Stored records
┌──

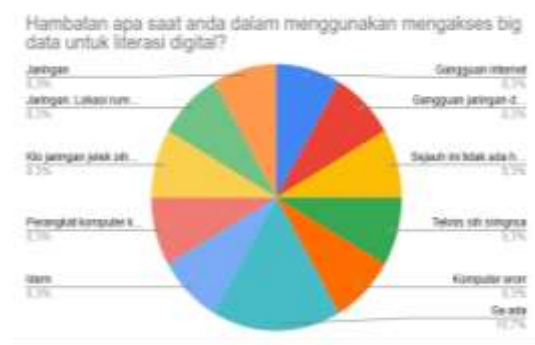
Tabel 6. Hambatan menggunakan big data

Sebagian mahasiswa Bandung berasal dari daerah yang bisa dikatakan tertinggal dalam hal infrastruktur internetnya. Hal ini sangat berpengaruh terhadap kelancaran melaksanakan literasi digital mereka. Salah seorang mahasiswa berasal dari daerah di luar pulau Jawa mengaku, saat mereka pulang ke sana, kesulitan untuk membuka internet. Karena itu, disaat ada aktivitas perkuliaan secara online ia harus pergi ke pusat kota kecamatan dimana sinyal internet melalui handphonenya relatif stabil. Namun demikian ada juga informan yang mengaku tidak mendapatkan hambatan.
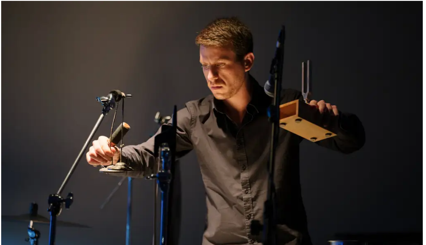
"שחרור באמצעות שמיעה". תנועה חזרתית
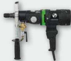
ETN 130/3 P 1800 Вт, 600/1300/2800 об/хв. Ø 12-152 (202) мм
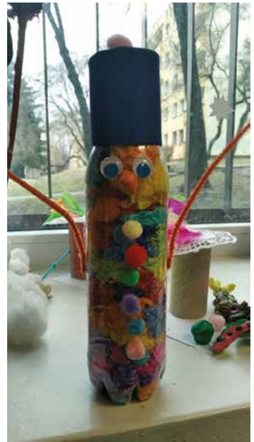
1 miejsce w konkursie plastycznym Karolina Jasińska
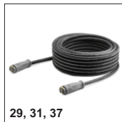
29, 31, 37
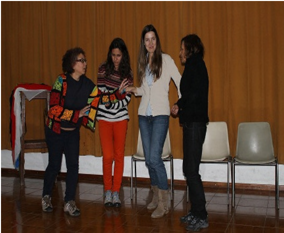
Figura 7 – Ensaios
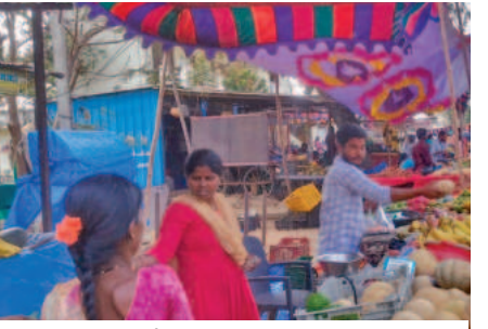
కొండుపల్లి మండల కేంద్రంలో పట్టణ కొనుగోలు చేస్తున్న భక్తులు
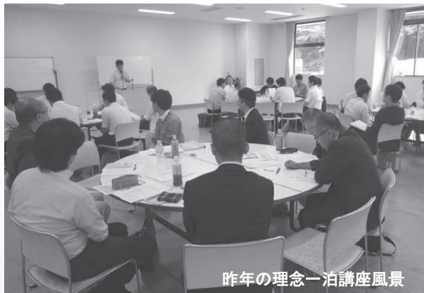
昨年の理念一泊講座風景

「何のために経営をしているのか？」と問われて、即座に、しかも明確に答えられる人が何人いるだろうか。日頃、考えてみたこともないところに突然小石を投げられ、経営者としてふさわしいのかを試されているような質問だ。
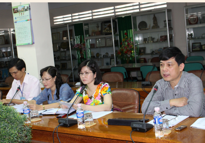
GS.TS. Trần Công Phong (ngoài cùng phải), Chủ tịch CĐGDVN góp ý cho Công đoàn Trường

Đoàn kiểm tra đánh giá cao hoạt động của Công đoàn Trường, đã thực hiện tốt nhiệm vụ và phát huy vai trò của tổ chức Công đoàn trong việc thực hiện chính sách của Nhà nước, chăm lo tốt đời sống CBVC-NLĐ, thực hiện công khai, minh bạch, đảm bảo quy chế dân chủ tại cơ sở, tổ chức triển khai các hoạt động hiệu quả. Qua đó, Đoàn cũng có nhiều ý kiến đóng góp thiết thực góp phần giúp Công đoàn Trường hoạt động ngày càng hiệu quả.
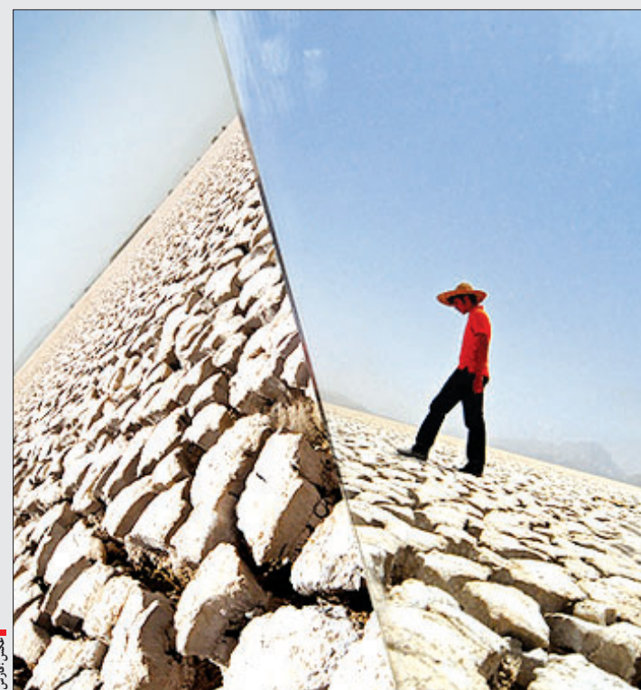
در صورت عدم بارندگی جیره بندی آب در کلان‌شهرها صورت می‌گیرد:
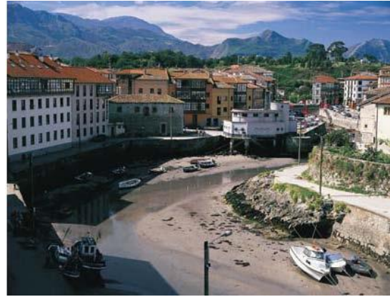
Ebb i Llanes
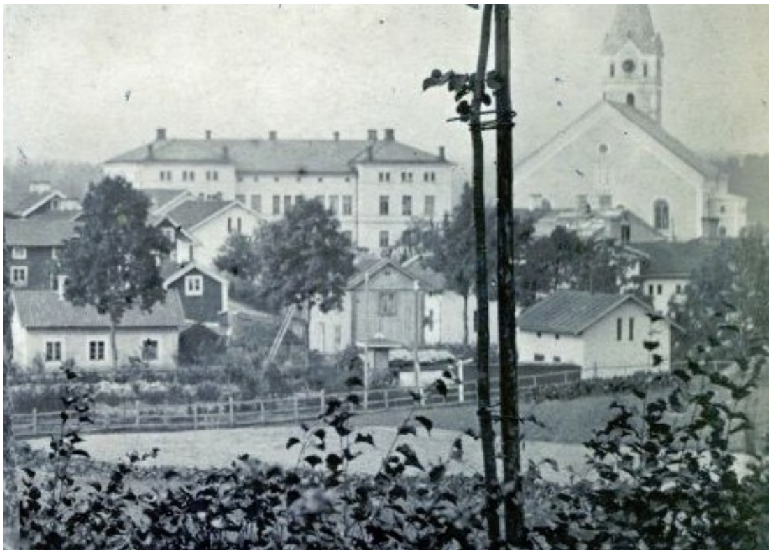
Fotografiet är taget från Bergskyrkogården efter 1876. Huset i mitten kallades för "Poliskonstapel"
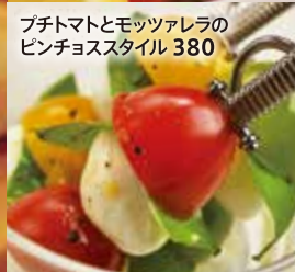
プチトマトとモッツアレラのピンチョスタイル 380
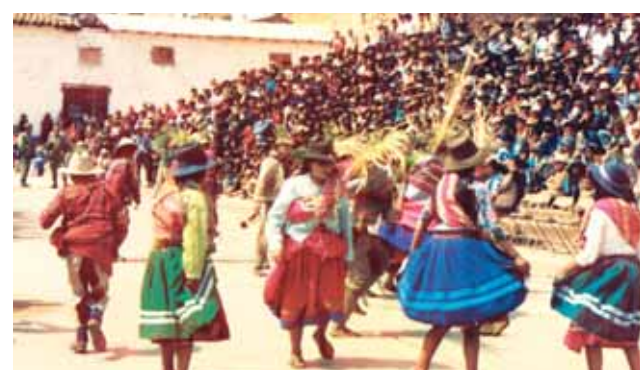
Festividades do Divino Menino
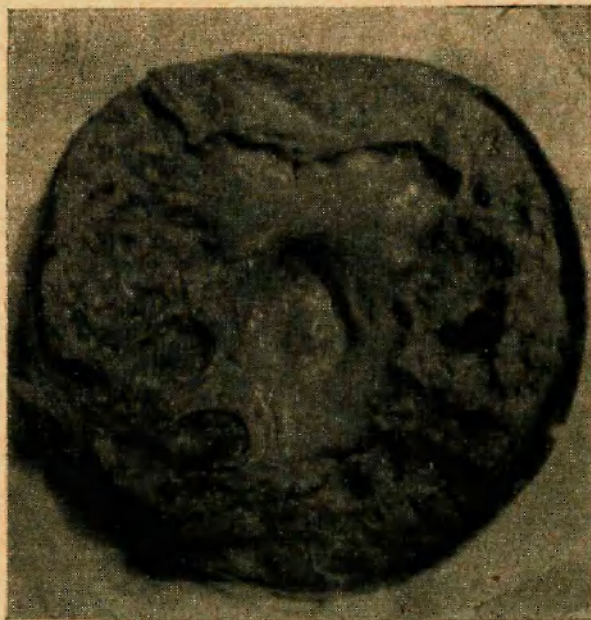
Pieza operatoria: Se observa numerosos quistes; macroscópicamente era un típico riñón poliquístico. Algunas cavidades en pleno parénquima.
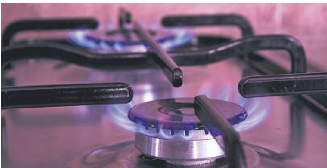
El principal objectiu de la Diputació de Barcelona és la reducció de les despeses en electricitat, aigua i gas dels habitatges en situació de risc.
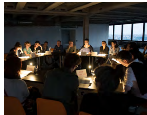
Your Word In My Mouth

In zahlreichen Gesprächen mit Theater- und Sozialwissenschaftler*innen, Theaterpädagog*innen, Künstler*innen und Theaterpraktiker*innen der Bürgerbühnen hinterfragten Hannes Langer und Katja Münster im Sommer 2021 die Institutionalisierung partizipativer Theaterkunst an deutschsprachigen Stadt- und Staatstheatern. Im daraus entstehenden Buch, das im Frühjahr 2023 im Beltz-Juventa Verlag erscheinen wird, geht es unter anderem um die Frage, ob sich partizipative Arbeitsweisen mit der inzwischen starken Institutionalisierung ebenjener Theaterformate vereinbaren lässt. Bei einem digitalen Frühstück stellt Hannes Langer erste Perspektiven aus ihren Interviews und Gesprächen vor.
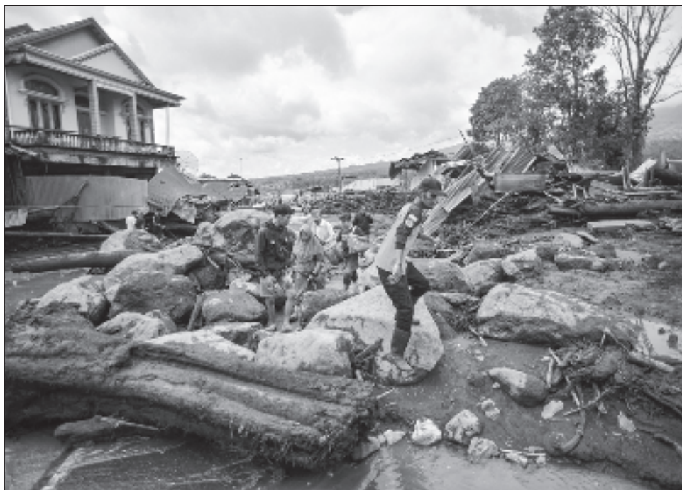
▲ Las fuertes lluvias en los distritos de Agam y Tanah Datar, hicieron caer grandes rocas volcánicas por la ladera del Marapi, uno de los volcanes más activos de Indonesia.

Los habitantes aseguran haber oído como las piedras caían sobre las carreteras alrededor de sus casas.
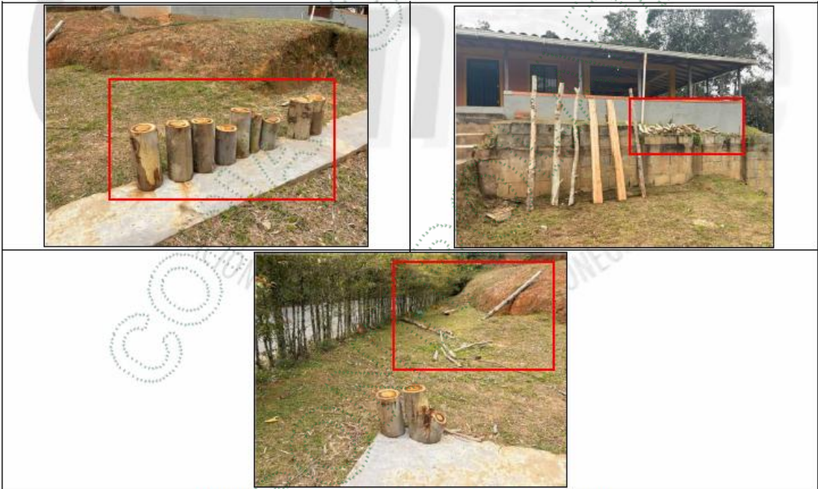
Imagen 1 – Tala de Eucalipto / Transformación de madera.
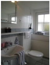
Das Badezimmer mit Waschbecken und Toilette....
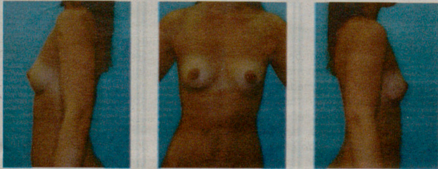
Fotos de la paciente ANTES
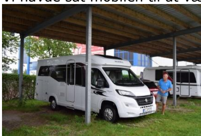
Så er Camperen parkeret

Vi havde sat mobilen til at vække os kl. 06.20, så vi kunne nå frem til IMC, inden de åbnede.

└──

Your goal
Please retype every record exactly, leaving the pictures out.

Finished task
Tabel 6. Hambatan menggunakan big data

Sebagian mahasiswa Bandung berasal dari daerah yang bisa dikatakan tertinggal dalam hal infrastruktur internetnya. Hal ini sangat berpengaruh terhadap kelancaran melaksanakan literasi digital mereka. Salah seorang mahasiswa berasal dari daerah di luar pulau Jawa mengaku, saat mereka pulang ke sana, kesulitan untuk membuka internet. Karena itu, disaat ada aktivitas perkuliaan secara online ia harus pergi ke pusat kota kecamatan dimana sinyal internet melalui handphonenya relatif stabil. Namun demikian ada juga informan yang mengaku tidak mendapatkan hambatan.
"שחרור באמצעות שמיעה". תנועה חזרתית
ETN 130/3 P 1800 Вт, 600/1300/2800 об/хв. Ø 12-152 (202) мм
1 miejsce w konkursie plastycznym Karolina Jasińska
29, 31, 37
Figura 7 – Ensaios
కొండుపల్లి మండల కేంద్రంలో పట్టణ కొనుగోలు చేస్తున్న భక్తులు
昨年の理念一泊講座風景

「何のために経営をしているのか？」と問われて、即座に、しかも明確に答えられる人が何人いるだろうか。日頃、考えてみたこともないところに突然小石を投げられ、経営者としてふさわしいのかを試されているような質問だ。
GS.TS. Trần Công Phong (ngoài cùng phải), Chủ tịch CĐGDVN góp ý cho Công đoàn Trường

Đoàn kiểm tra đánh giá cao hoạt động của Công đoàn Trường, đã thực hiện tốt nhiệm vụ và phát huy vai trò của tổ chức Công đoàn trong việc thực hiện chính sách của Nhà nước, chăm lo tốt đời sống CBVC-NLĐ, thực hiện công khai, minh bạch, đảm bảo quy chế dân chủ tại cơ sở, tổ chức triển khai các hoạt động hiệu quả. Qua đó, Đoàn cũng có nhiều ý kiến đóng góp thiết thực góp phần giúp Công đoàn Trường hoạt động ngày càng hiệu quả.
در صورت عدم بارندگی جیره بندی آب در کلان‌شهرها صورت می‌گیرد:
Ebb i Llanes
Fotografiet är taget från Bergskyrkogården efter 1876. Huset i mitten kallades för "Poliskonstapel"
プチトマトとモッツアレラのピンチョスタイル 380
Festividades do Divino Menino
Pieza operatoria: Se observa numerosos quistes; macroscópicamente era un típico riñón poliquístico. Algunas cavidades en pleno parénquima.
El principal objectiu de la Diputació de Barcelona és la reducció de les despeses en electricitat, aigua i gas dels habitatges en situació de risc.
Your Word In My Mouth

In zahlreichen Gesprächen mit Theater- und Sozialwissenschaftler*innen, Theaterpädagog*innen, Künstler*innen und Theaterpraktiker*innen der Bürgerbühnen hinterfragten Hannes Langer und Katja Münster im Sommer 2021 die Institutionalisierung partizipativer Theaterkunst an deutschsprachigen Stadt- und Staatstheatern. Im daraus entstehenden Buch, das im Frühjahr 2023 im Beltz-Juventa Verlag erscheinen wird, geht es unter anderem um die Frage, ob sich partizipative Arbeitsweisen mit der inzwischen starken Institutionalisierung ebenjener Theaterformate vereinbaren lässt. Bei einem digitalen Frühstück stellt Hannes Langer erste Perspektiven aus ihren Interviews und Gesprächen vor.
▲ Las fuertes lluvias en los distritos de Agam y Tanah Datar, hicieron caer grandes rocas volcánicas por la ladera del Marapi, uno de los volcanes más activos de Indonesia.

Los habitantes aseguran haber oído como las piedras caían sobre las carreteras alrededor de sus casas.
Imagen 1 – Tala de Eucalipto / Transformación de madera.
Das Badezimmer mit Waschbecken und Toilette....
Fotos de la paciente ANTES
Så er Camperen parkeret

Vi havde sat mobilen til at vække os kl. 06.20, så vi kunne nå frem til IMC, inden de åbnede.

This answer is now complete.